Price of Travel and Other Goods Rises – When the cost of gasoline goes up, the cost of goods also goes up. This is to coincide with businesses having to pay more money to get their goods to them.  And of course, that cost is passed on to you, the American consumer.

For example, a round-trip flight from LA to Chicago may be $110 today, but closer to $120 in two months when oil goes up another $5.  Truckers moving products across the country, grocery stores taking in daily shipments of produce… there is no shortage of consumer goods affected by a higher cost for oil.

Price of Heating Oil Rises – This is the one that impacts me the most, but overall impacts the fewest number of consumers.  I live in central Connecticut and every year, I buy between 700 and 800 gallons of oil to heat my home through the winter. My parents, who own a much older (and slightly smaller) home, purchase over 1,300 gallons of oil per winter. When oil prices go up, the price per gallon of heating oil also goes up.  The cost of oil is very similar to the cost of gasoline per gallon.

To combat these prices, I locked in a rate of $1.89 per gallon in July and prepaid for the winter. This should help me avoid having to pay inflated costs when the cold weather hits. However, I also lose the ability to pay lower costs should the price of oil go down.

The Good News

It’s not all bad, though, I promise.  When the price of oil goes up, there is a lot of good that comes from it, too.

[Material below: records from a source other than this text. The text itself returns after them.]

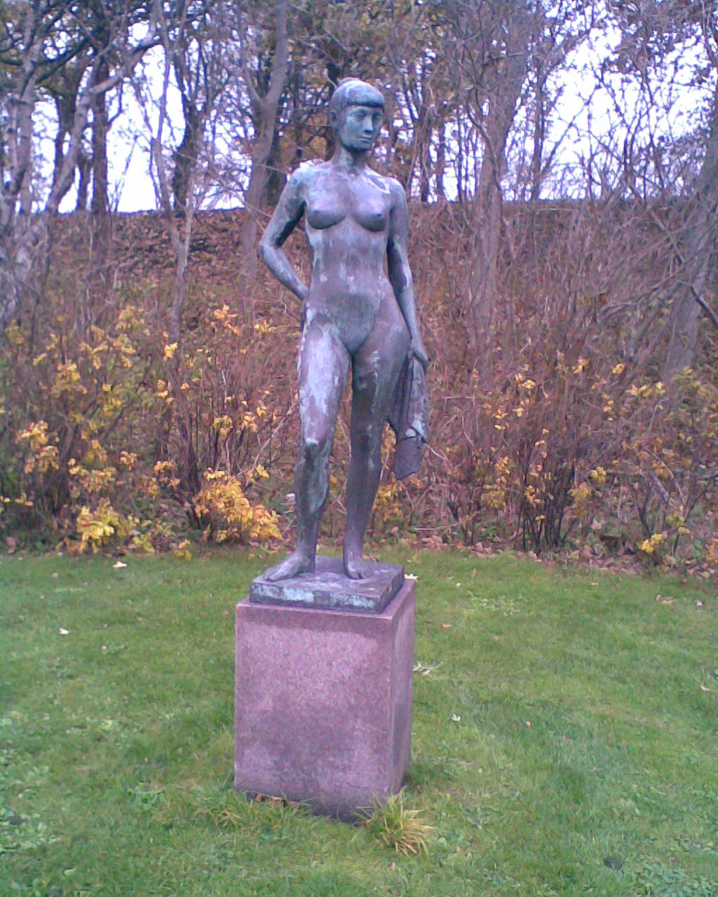 Girl from Thisted, Denmark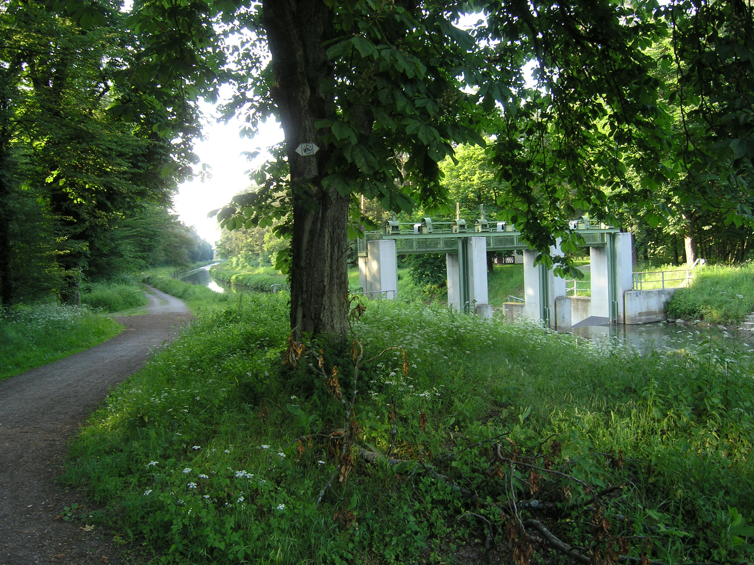 Side channel of river Pfinz in Hardtwald forest near Karlsruhe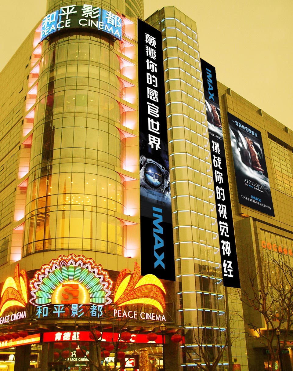 The IMAX Peace Cinema in Shanghai, China.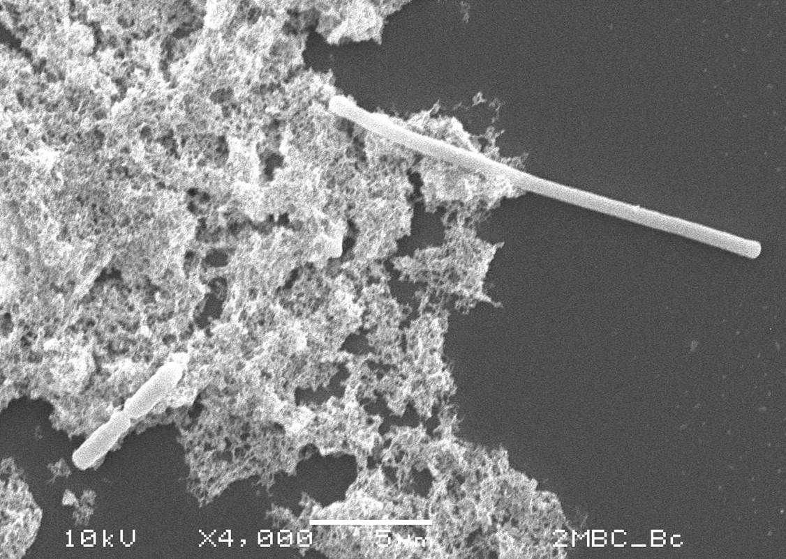 A Bacillus cereus cell that has undergone filamentation following antibacterial treatment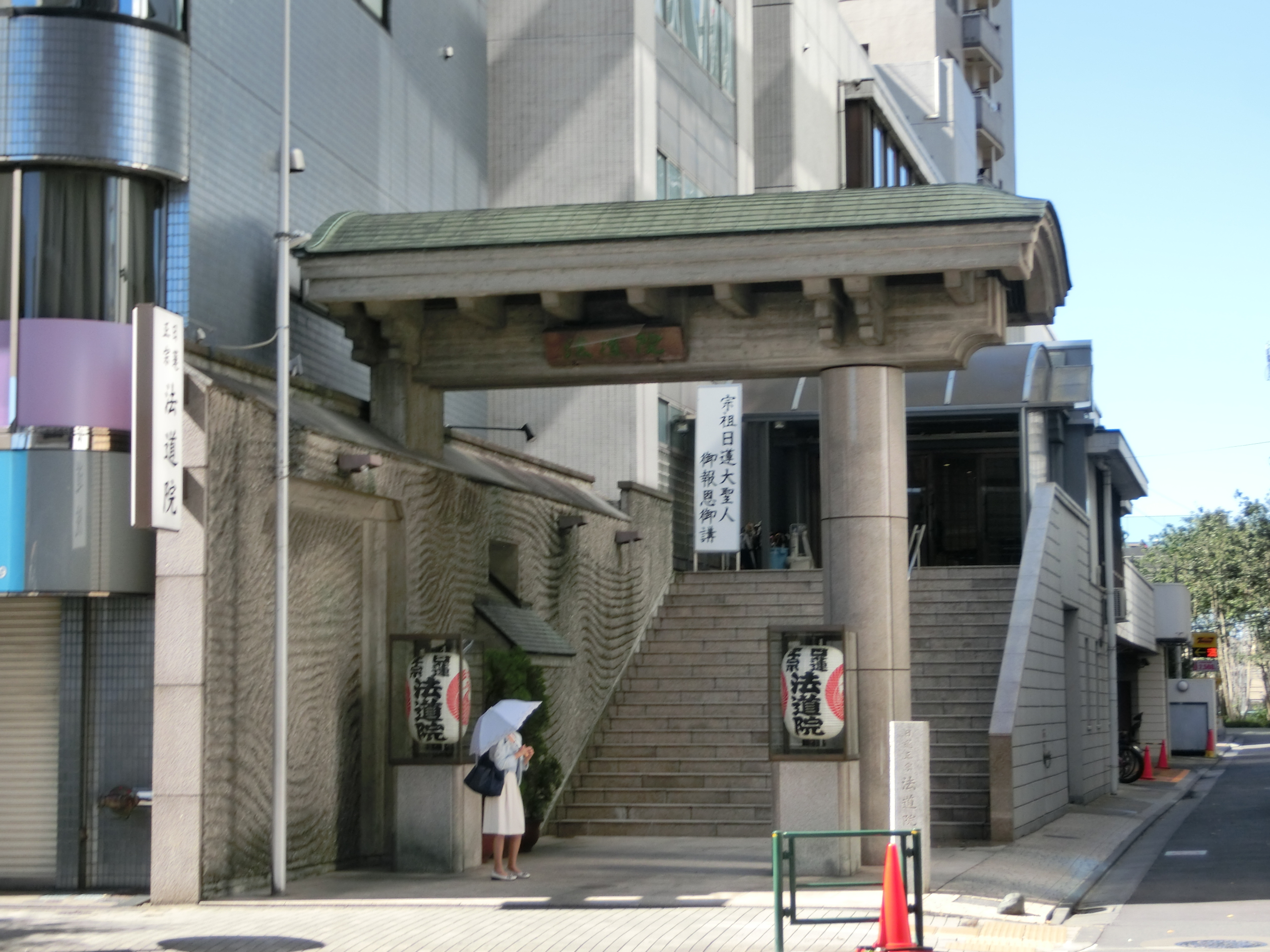 Hodo-in (Toshima, Tokyo)

Retirement Savings Accounts Increase – Because oil is a heavily traded commodity, it’s likely included in any retirement portfolio you own.  Whether it’s in a commodity mutual fund, or a direct stock ownership of Exxon Mobile, Chesapeake Oil, etc., higher prices in oil mean higher value in your portfolio.  As rising oil prices generally (and I say that loosely) means a stronger economy, it would also likely have an impact on the other investments you’ve made. So if the world is paying more for oil, and the demand for oil remains high, most investments are happy.

The Economy Grows – The oil industry is one of the largest in the world, and higher prices mean higher profits for oil companies.  These profits lead to the hiring of more employees to produce more oil (or expand the business in other ways, still hiring more employees). This means more jobs for not only American citizens but also abroad.

With more people employed, more money is spent inside the US economy. Goods that would not normally be purchased are now starting to move off the shelves.  My example is the most basic way in which the economy will see a positive effect of higher oil prices. However, there are countless other ways to quantify it as well. (For an added example of global wealth, Goldman Sachs provides perspective.)

The Government Doesn’t Get the Extra Revenue – When you see the price of $2.25 for a gallon of gas, you might assume that the money you pay the gas station stays with the gas station.  However, inside of that gallon is heavy taxes collected by both the US government and the state government.  Below is a map that shows just how much money you pay in “tax” when you buy a gallon of gasoline (as of January 2016).  The good news here is that these taxes are not based on a percentage of the gallon, but a flat amount. For example, the US government gets a flat 18.40 cents per gallon, no matter the cost of a barrel.  So, the added revenues earned by the gas station are revenues passed economically, without additional government taxes.

gas-tax-map

You’ll notice that the good news is very macro-themed while the bad news is very micro-themed.  When the cost of goods goes up, there’s just no way around having it immediately and negatively impact the day-to-day spending of the consumer.  So, whether or not the price of oil going up is good or bad for you likely depends on your current financial situation.

If you’re well-to-do with money in the bank, savings for retirement, and are secure in your employment (or your employment is oil pump-related), oil prices going up is a good thing.  It goes a long way to secure a stronger economy in the long-run and boost retirement savings.  However, if you’re currently struggling to make ends meet, and things like retirement seem like a dream versus a real goal, then higher oil only means less spending money in the near future. Either way, the rise in oil prices is likely to garner mixed emotions nationwide.